Generalizations frequently use a plural subject.
- Dogs are bigger than cats.
- A Pomeranian at less than 5.5 pounds is smaller than most domestic cats.
- Goats will eat anything.
- Goats will eat the labels from tin cans, but they cannot actually eat a tin can.
- Clouds bring rain.
- Altocumulus clouds, cumulus clouds, and statocumulus clouds predict fair weather.
- An apple a day keeps the doctor away.
- While it is true that apples offer many benefits to their consumers, they “are not particularly rich in vitamins and minerals. However, they contain decent amounts of both vitamin C and potassium” (healthline.com).
“If/When” statements add conditions to generalizations.

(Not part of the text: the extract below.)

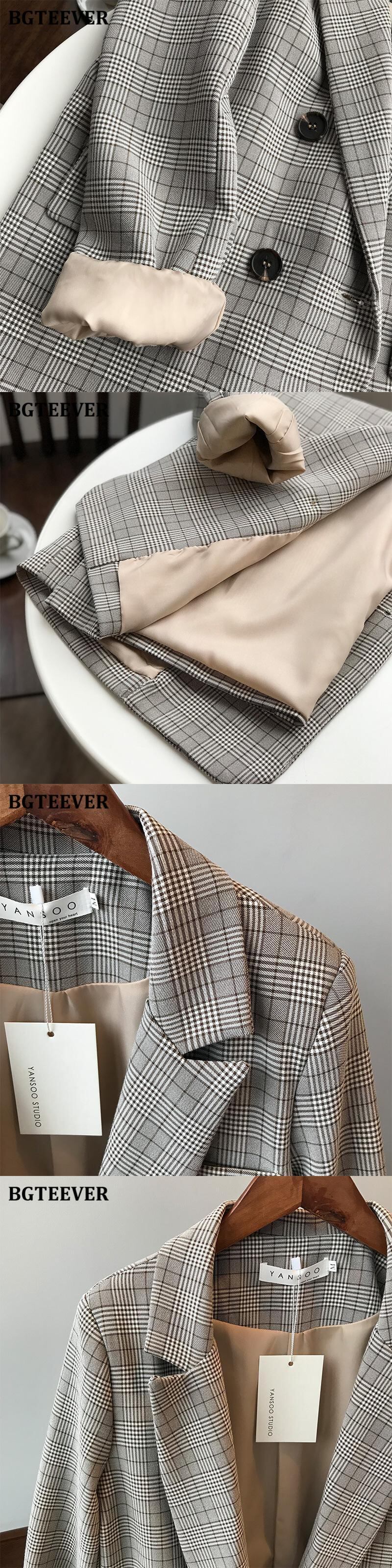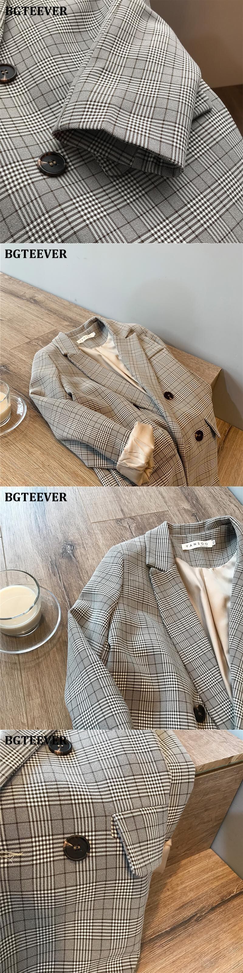 【新作】【送料無料】 BGTEEVERヴィンテージルーズダブルブレストレディースチェック柄ブレザーノッチカラー長袖スーツジャケット2020秋のアウタートップス ロング オータム 秋物 ビンテージ 12b162547515912

Generalizations may depend on certain conditions, indicated by “if,” “when,” “while,” or other conjunctions.
- If it snows, sidewalks are slick.
- Sidewalks are slick if it snows.
- (Snowy sidewalks are slick.)
- When it’s summer, days are longer.
- Days are longer when it’s summer.
- (Days are longer in the summer.)
- If the sun shines, the temperature rises.
- The temperature rises if the sun shines.
- The temperature rises during the day.
- If it snowed, sidewalks were slick.
- Sidewalks were slick if it snowed.
- Snowy sidewalks were slick.
- When it was summer, the days were longer.
- The days were longer when it was summer.
- Summer days were longer.
- As the sun rose, the temperature rose.
- The temperature rose as the sun rose.
- Sunshine made temperatures rise.
- Because it was easily caught, the dodo bird was food for the early settlers.
- The dodo bird was food for the early settlers because it was easily caught.
- The easily-caught dodo bird was food for the early settlers.